Estar en el poder es, sin duda, una de las posiciones más deseadas y temidas al mismo tiempo. Quien alcanza la cima del liderazgo, ya sea político, institucional o social, no solo recibe el aplauso del momento, sino también la mirada constante de la historia. Y es precisamente en esa cima donde muchos olvidan que el poder no es un trofeo eterno, sino un encargo frágil que depende de la confianza, la empatía y el buen juicio.
Resulta lamentable, casi trágico, observar cómo algunas figuras, que un día fueron símbolo de esperanza o renovación, caen en el desgaste del ego, en el aislamiento del privilegio o en la negligencia de sus deberes. El poder mal manejado no solo afecta al líder: deja cicatrices profundas en la sociedad. Las decisiones tomadas desde el orgullo, la improvisación o el interés personal terminan por romper el vínculo entre gobernante y gobernados.

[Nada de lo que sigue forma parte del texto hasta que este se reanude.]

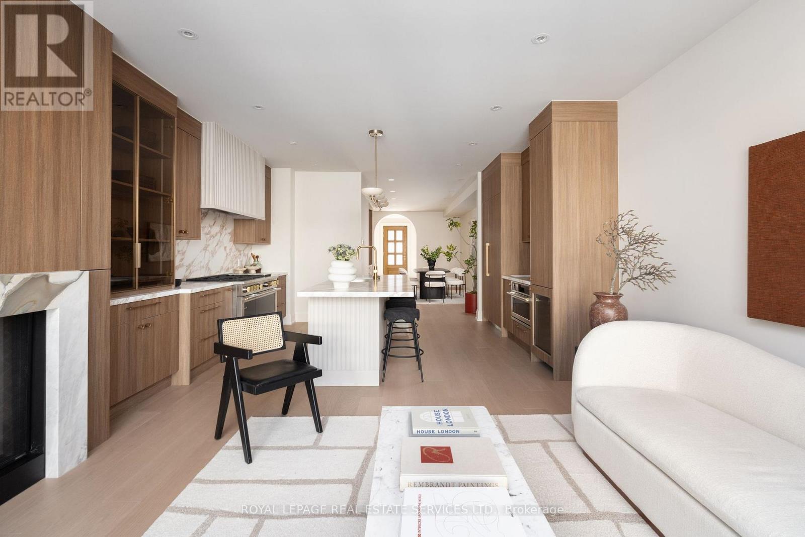 168 Bedford Park Avenue is a thoughtfully designed net zero ready family residence where architecture and function shape daily life, offering four bedrooms and five bathrooms in the main house, together with a turnkey one bedroom, one bathroom laneway suite. From the street, it presents a charming curb appeal, its proportions and detailing considered to sit comfortably within the Bedford Park streetscape. Inside, the home unfolds as a sequence of light filled spaces connected by soft arches, millwork, and deliberate transitions. Wide plank engineered white oak floors carry through the main level, establishing continuity of the design. The foyer is purposeful and uncluttered, with storage and lighting that allow the architecture to lead. The main level is arranged around how the house is lived in. A built-in cabinet anchors the dining space, while the kitchen forms the centre of daily activity, generous in scale and easy in use, with a large island, ample work surfaces, and integrated appliances supporting both everyday routines and gatherings. Living spaces remain connected yet distinct, culminating in a family room centred on a fireplace and opening directly to the backyard.The primary suite reads as a retreat, with integrated storage, access to a private terrace, and a well appointed ensuite designed for comfort and calm. The second bedroom features built-in cabinetry, a built-in desk nook, large tilt-and-turn windows, and a three-piece ensuite bathroom. The third level provides two additional bedrooms, supported by custom storage, a shared family bathroom, skylights, and an outdoor terrace that brings light and openness to the upper floor.The lower level functions as true living space, offering recreation and gym areas alongside a cedar sauna and steam shower. Set behind the main house, a fully self-contained laneway suite provides independent accommodation for extended family, guests, or rental use, featuring an additional bedroom and three-piece bathroom. (id:4555)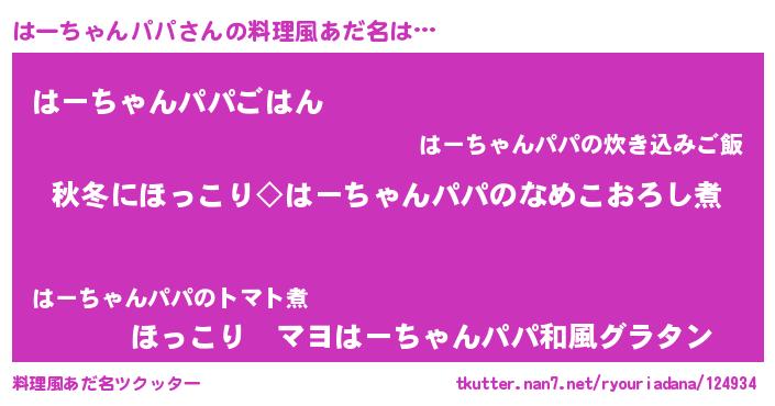 | 意味不明あだ名 | 『ニラ科はーちゃんパパ属』 |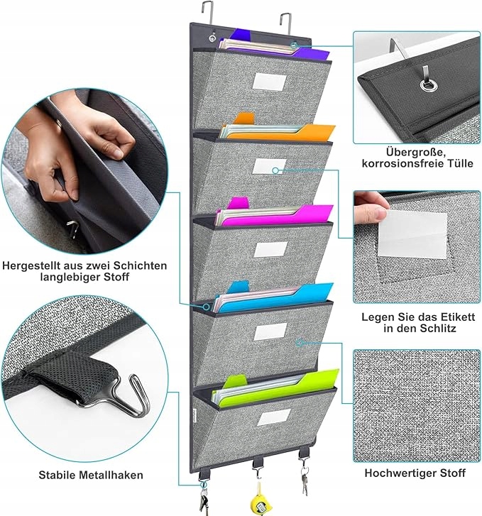 - Сила та хороша майстерність : настінна вішалка для документів виготовлена з двох шарів міцного матеріалу та картону з товщиною 2 мм. Два нержавіючі очі вгорі полегшують повіслення. 4 Його можна використовувати для зберігання документів, діаграм, журналів, папки тощо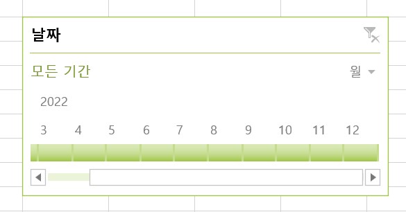 앞서 만든 피벗테이블을 적용한 데이터다. 이 데이터를 기반으로 시간 표시 막대를 삽입해보려고 한다.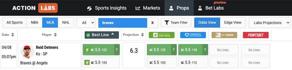 - Braves vs Angels Pick: Reid Detmers Over 5.5 Strikeouts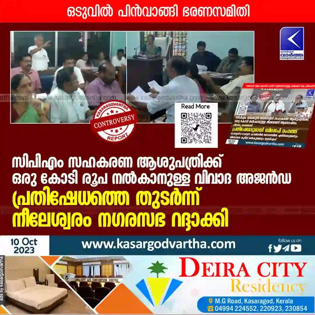 Cancelled | സിപിഎം സഹകരണ ആശുപത്രിക്ക് ഒരു കോടി രൂപ നൽകാനുള്ള വിവാദ അജൻഡ പ്രതിഷേധത്തെ തുടർന്ന് നീലേശ്വരം നഗരസഭ റദ്ദാക്കി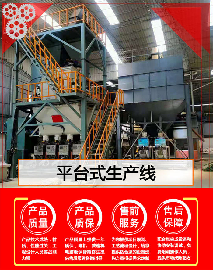 四、混合系統采用4立方大容量無重力雙軸高效混合機,混合時間短,混合精度高,混合速率3-5分鐘一批。高效生產的同時,確保成品砂漿實用效果無虞。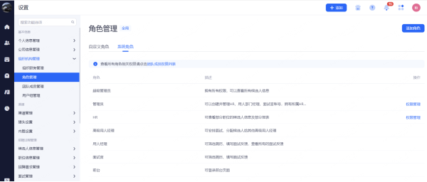 超级管理员:权限最高,可管理团队成员和查看所有候选人信息(一般是公司HR主管)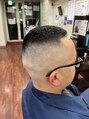 横後ろ0mmからのグラデーション刈り上げ.スキンフェード。かなり高めに刈り上げ、横はハチ上まで後ろはツムジ上ぐらいまで刈り上げが入ってます。トップも、ハサミで限界まで短くしてアイロンコテで熱処理でパーマを当ててます。直毛剛毛の方是非アイパーを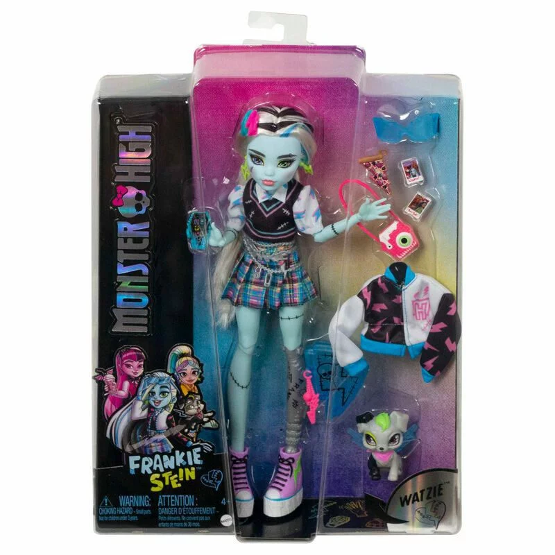 Es hora de volver a clase y la pandilla más divina de la muerte de Monster High derrocha un estilo monstruoso por los pasillos del instituto. La muñeca Frankie Stein lleva un electrizante conjunto de falda a cuadros, blusa con estampado de rayos y chaleco elegantemente escalofriante. Su look va acompañado de detalles sobrecogedores, como unas enormes zapatillas de plataforma, un cinturón de cadena, unas gafas de sol con detalles de relámpagos, unos pendientes y unos pasadores para el pelo. Lleva el look de la muñeca Frankie Stein al siguiente nivel con una chaqueta universitaria Voltageous y accesorios monstruosamente divinos, como una mochila con forma de relámpago, una cámara de fotos, un aperitivo de pizza y un smartphone. ¡Vive infinidad de historias espectroculares con Watzie, su terrorífico perro mascota!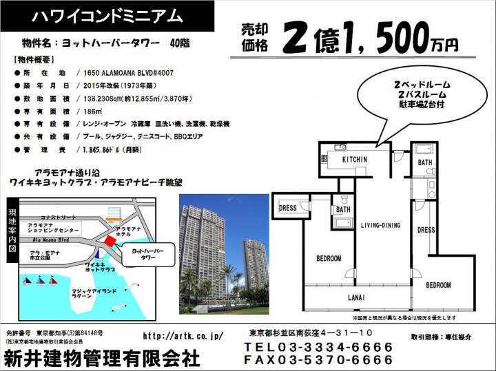 | 所在地 | ヨットハーバータワー40F 1650 ALA<OANA BLVD #4007 |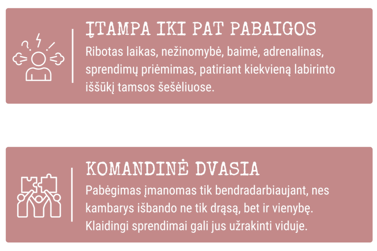 Įžengę į prakeiktą labirintą turėsite įveikti užduotis, įminti mįsles ir surasti kodą, kuris vienintelis gali atrakinti vartus į laisvę. Tačiau būkite atsargūs – jus lydės ne tik paslaptys, bet ir čia įstrigusios sielos. Kai kurios padės… o kitos padarys viską, kad sutrukdytų.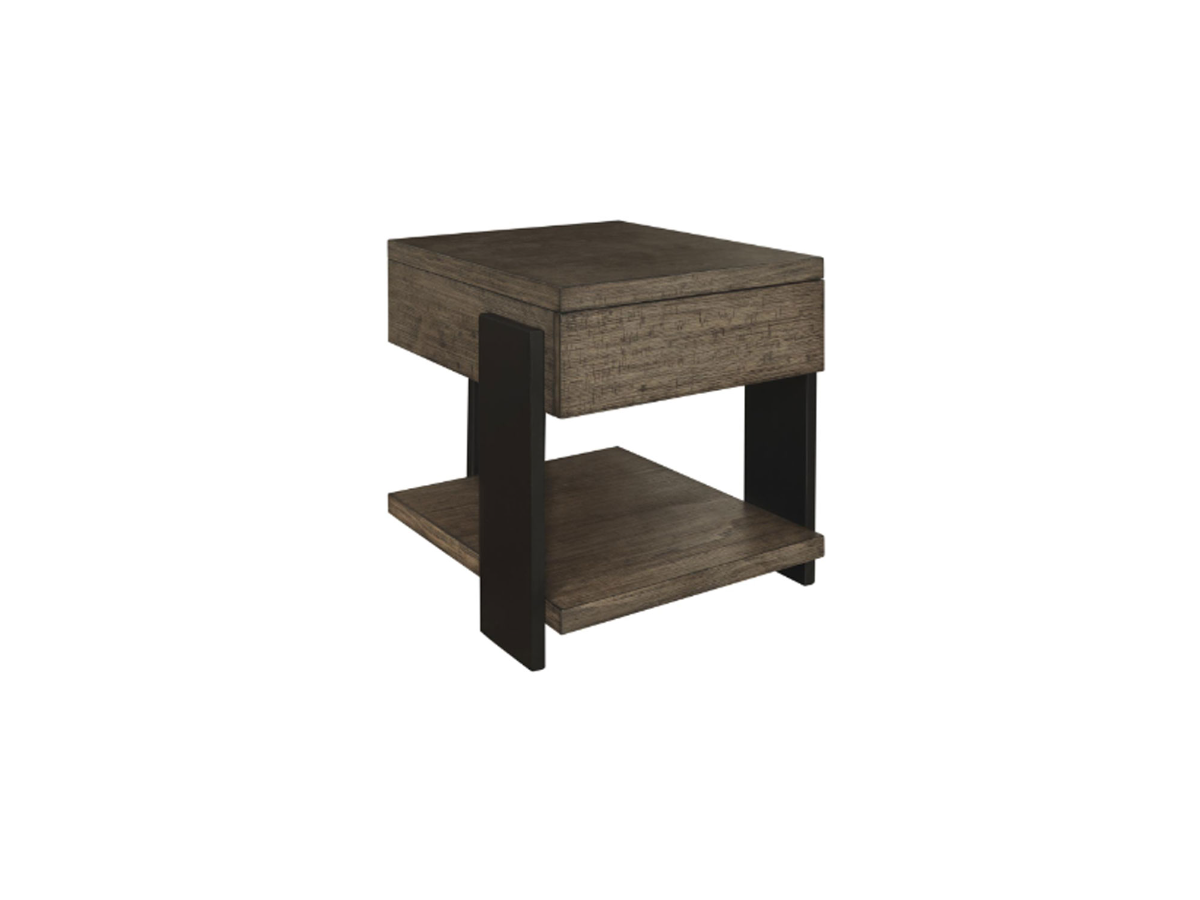 Introducing the Winter Table Collection, a fusion of innovative design and practical functionality that adds a touch of modern elegance to your living space. Available in both the cocktail and end table options, this collection caters to your needs for both style and convenience. The Winter Cocktail Table is a captivating centerpiece that elevates your living room decor. With a unique design, this table opens up to reveal a hidden table that lifts out on hinges, offering additional surface space for your convenience. Crafted from brown wood, the table boasts thick black bands for legs that extend up the sides, creating a striking contrast and adding an element of visual interest. The Winter End Table complements the collection with an open shelf underneath, providing storage options and displaying decorative items. The cohesive design elements between the two tables create a sense of unity in your living area. Experience the perfect blend of aesthetics and utility with the Winter Table Collection – a testament to quality craftsmanship and tasteful design that transforms your living space into a haven of beauty and practicality.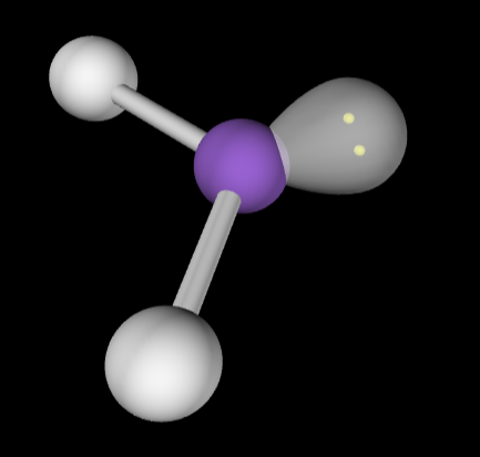 If the lone pair on this molecular model was removed, the molecule would most likely: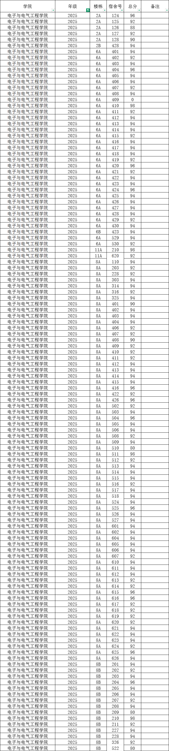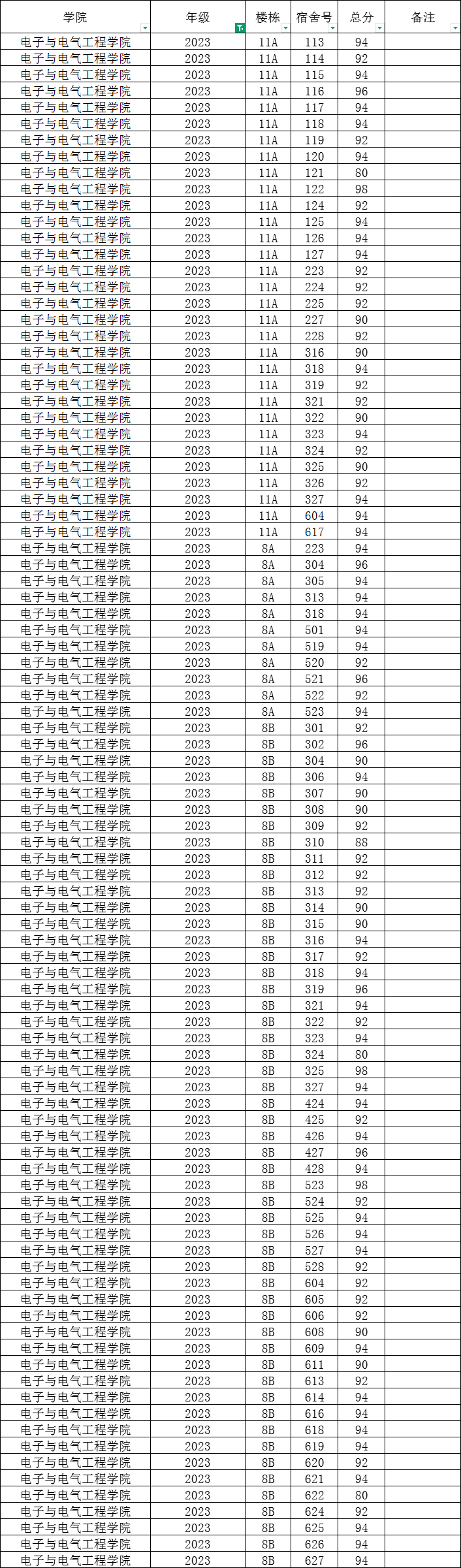 根据统一安排,现将学院本学期第16周寝室公检情况公布如下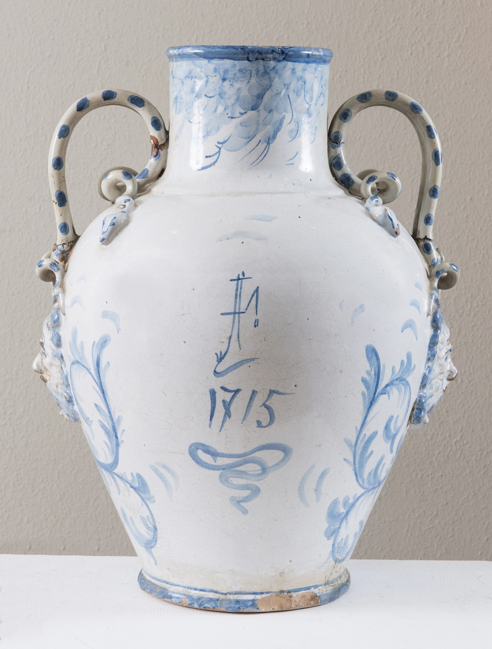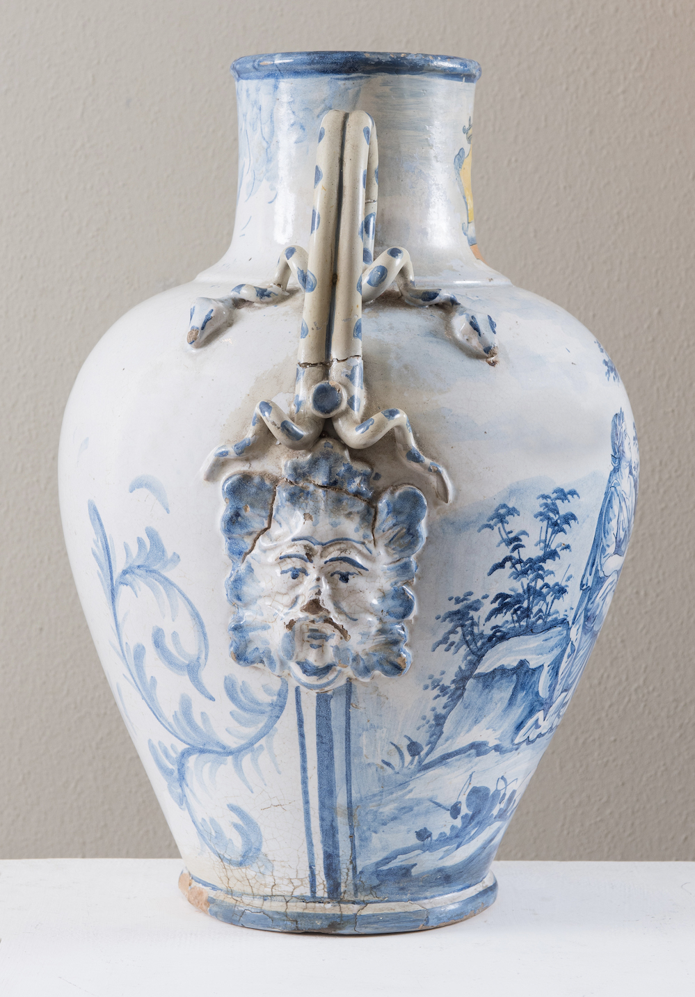 Lot 348 | Vaso in maiolica policroma. Savona, XVIII secolo. Cm 46x37x33. (Difetti...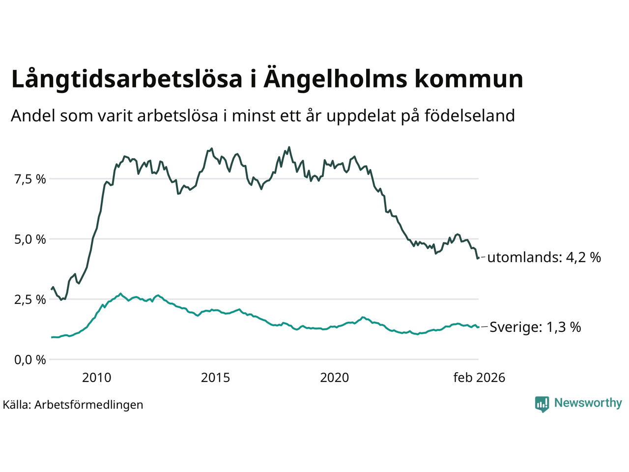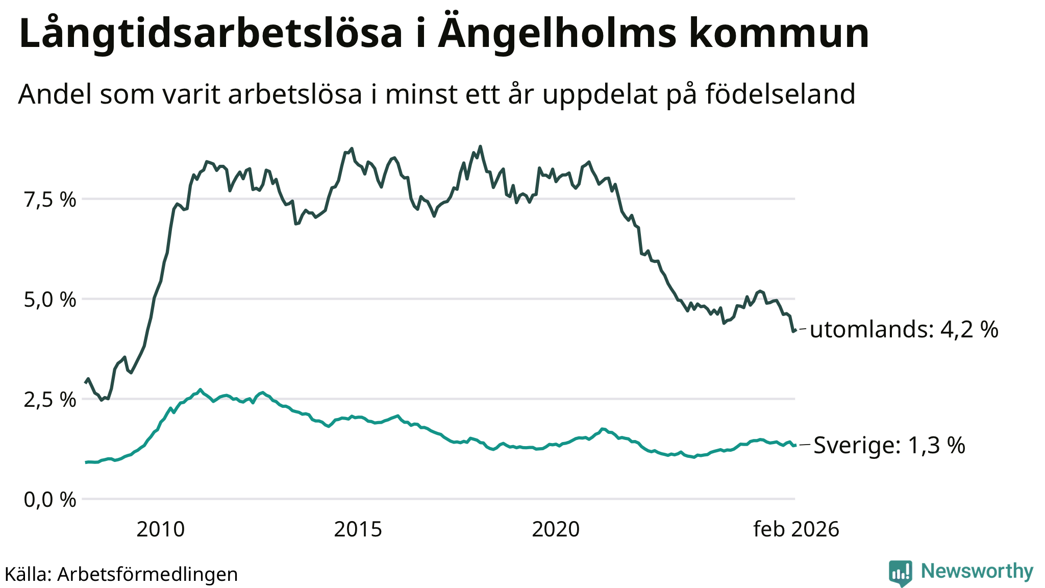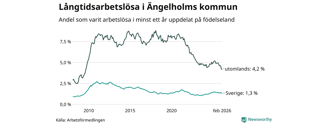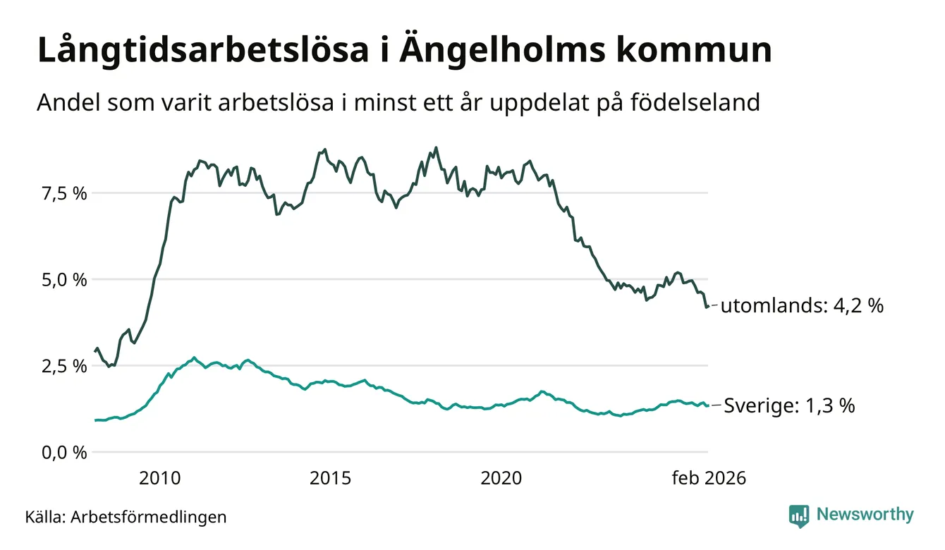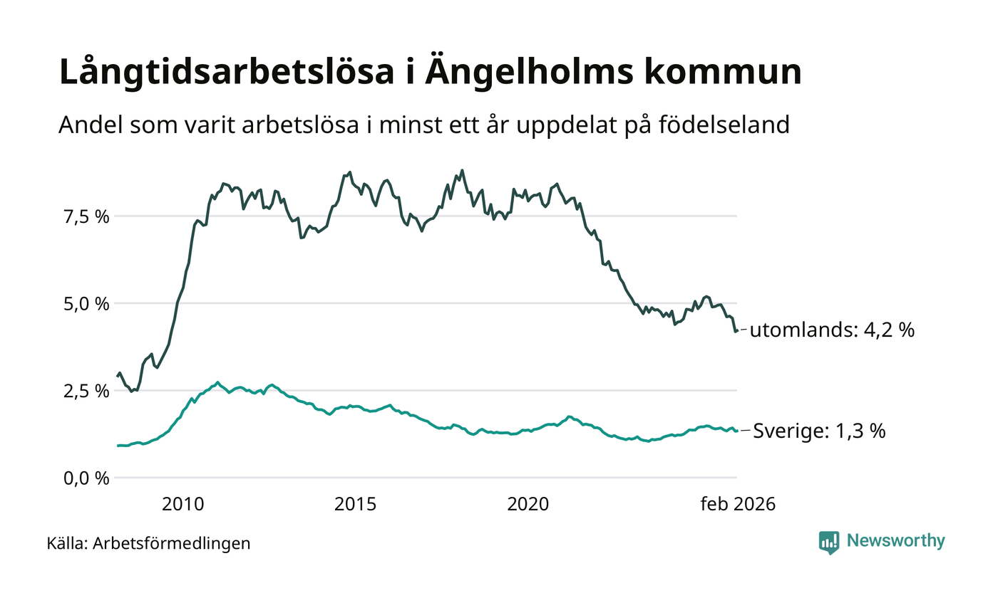 248 av de långtidsarbetslösa i Ängelholm är födda i Sverige, medan 157 är födda utomlands. Det innebär att långtidsarbetslösheten bland Sverigefödda är 1,3 procent, medan den är tre gånger så hög – 4,2 procent – bland födda utomlands. Även i riket som helhet är arbetslösheten högre bland utrikesfödda.

La derrota, cuando llega, rara vez es por sorpresa. Suele ser la consecuencia lógica de meses o años de advertencias ignoradas, de voces aplacadas, de realidades disfrazadas. Y entonces, el aplauso se convierte en reclamo, la confianza en decepción, y la figura del líder en símbolo de lo que no se debe repetir jamás.
Caer desde el poder por mala gestión no es solo perder un cargo. Es perder la oportunidad de transformar, de dejar huella, de hacer historia con dignidad. Y esa es quizás la derrota más amarga: la que no se impone desde fuera, sino la que se fabrica desde dentro.
Es tiempo de recordar que el poder debe ser entendido como un servicio, no como un privilegio. Que quien lo ejerce debe escuchar más de lo que habla, actuar más de lo que promete y corregir más de lo que justifica. Solo así la historia será aliada, y no juez implacable.